Ultrasound-enhanced effects of adriamycin against murine tumors

Earlier studies from out and other laboratories have demonstrated that ultrasound (US) enhances the cytotoxicity in vitro of the antitumor agent Adriamycin (Adr) (Harrison et al.1991; Loverock et al. 1990; Saad and Hahn 1987, 1989; Yang et al. 1991; Yumita et al. 1987, 1989). We have now tested the possibility that this additional cytotoxicity can be translated into antitumor activity in vivo. Mice, bearing either a fibrosarcoma (RIF-1) or a melanoma (B-16) on their thighs, were injected with a single dose of Adr (10–20 mg/kg). The tumors were then heated locally to 41°–43°C for 30 min, either by insonation with US or by immersion of the animals' limbs into hot water baths. Antitumor efficacy was scored two ways: by serial measurements of tumor volume to determine the time for the tumor to double in size, or by determining the X-ray dose required to sterilize 50% of the tumors (TCD 50) after the Adr-hyperthermia treatment. Both assays gave similar results. Ultrasound-induced hyperthermia was substantially more effective in enhancing Adr activity than was hyperthermia induced by the water bath. The mean-doubling time was 13 days for tumors treated with the combination of Adr and US and 6 days for tumors heated with a water bath immediately after injection of Adr. The TCD 50 was 21.2 ±0.8 Gy for the combination of US and Adr and 36.1 ± 0.9 Gy for the water bath heating and Adr.
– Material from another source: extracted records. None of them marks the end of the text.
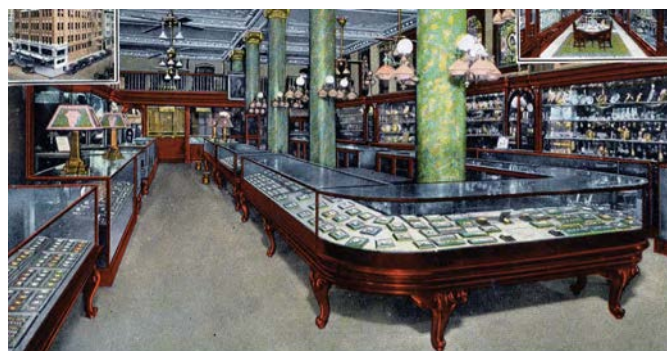
1177 RR05, DALLAS, ESTABLISHED 1877.
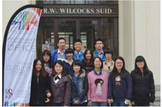
Stellenbosch University recently welcomed its first group of semester-exchange students from the People's Republic of China. Thirteen students from Zhejiang Normal University's China-Africa International Business School (CAIBS) will get the opportunity to learn more about the local academic culture and student life. The exchange programme is aimed at strengthening the relationship between SU and universities in China, and will lead to Stellenbosch students undertaking semester exchanges at CAIBS in future.
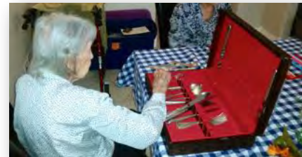
Sensory Outings Visiting Activities Group
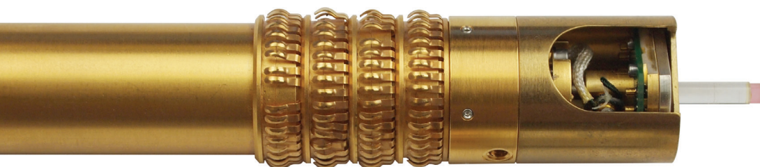
DR Probe with AC DR Sapphire Sample Stage
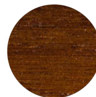
TINTO NOCE WALNUT STAINED
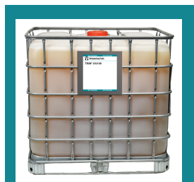
270-gallon tote SKU: OG108/NR270P UPC-12: 641238077732

TRIM® OG108 | ©2009-2019 Master Fluid Solutions® | 2019-01-17
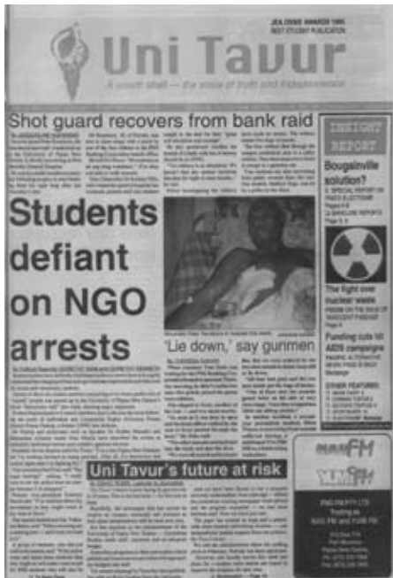
Figure 1: A Uni Tavour front page reporting a bank raid at UPNG, 16 May 1997.

Students defiant on NGO arrests UN hails PNG human rights charter Bougainville solution? Promises and lies Don't blame us after the poll, warn key women (Headlines from Uni Tavour , 16 May 1997 – last edition before the 1997 general election). (Figure 1)
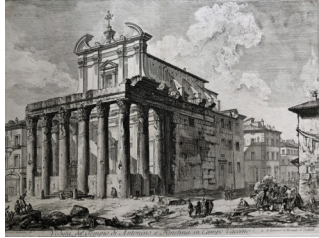
Giovanni Battista Piranesi, View of the Temple of Antoninus and Faustina in the Forum , c. 1750.
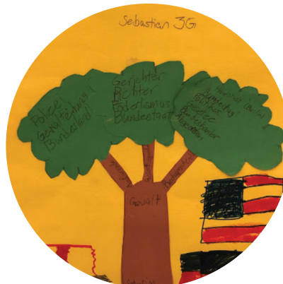
3G created collages describing each branch of the government.
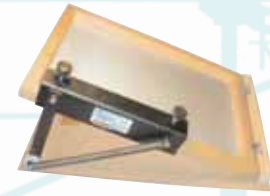
Heavy Duty Reversible Side Kick ( included )
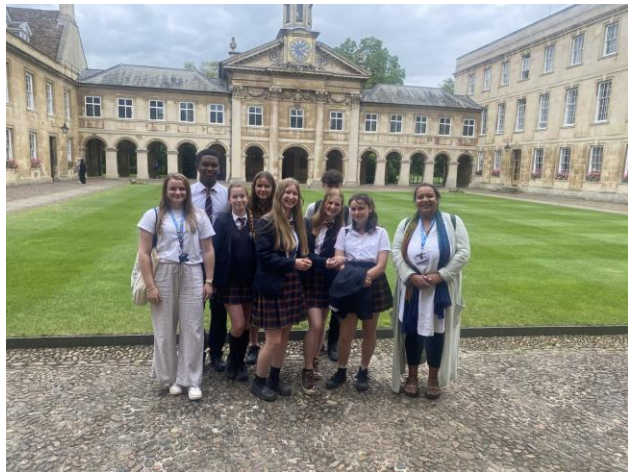
9 - Year 10 pupils at Cambridge University
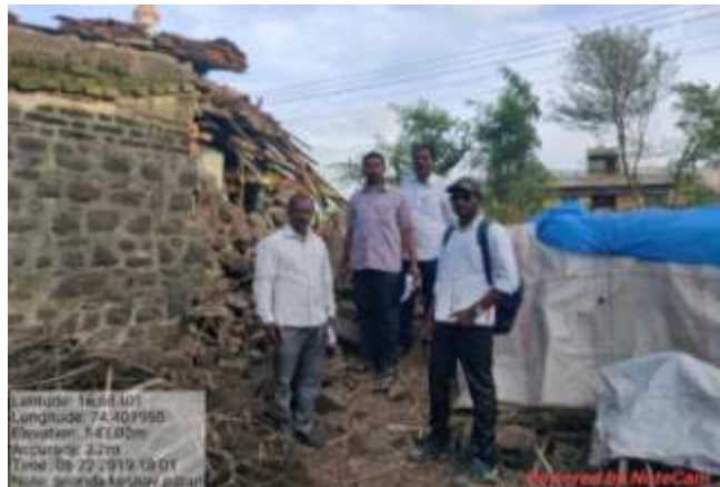
Civil Department students & staff involved in Damage Assessment work at Hatkanagle division
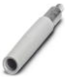
Female test connector, color: white

Female test connector - PSBJ-URTK 6 WH - 3026448
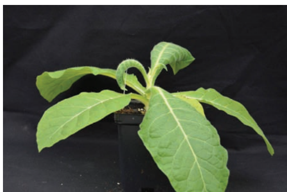
Fig. 13. Downward hooding.

Because of fears that US might enhance metastatic rates, perhaps by mechanically dislodging cells from tumors, we tested that possibility in the B-16 melanoma system by quantifying formation of lung colonies. No effects of US on frequency of metastatic formation were seen. Our data, therefore, suggest that the combination of Adr and US-induced hyperthermia should be effective in the treatment of those malignancies accessible to ultrasound heating.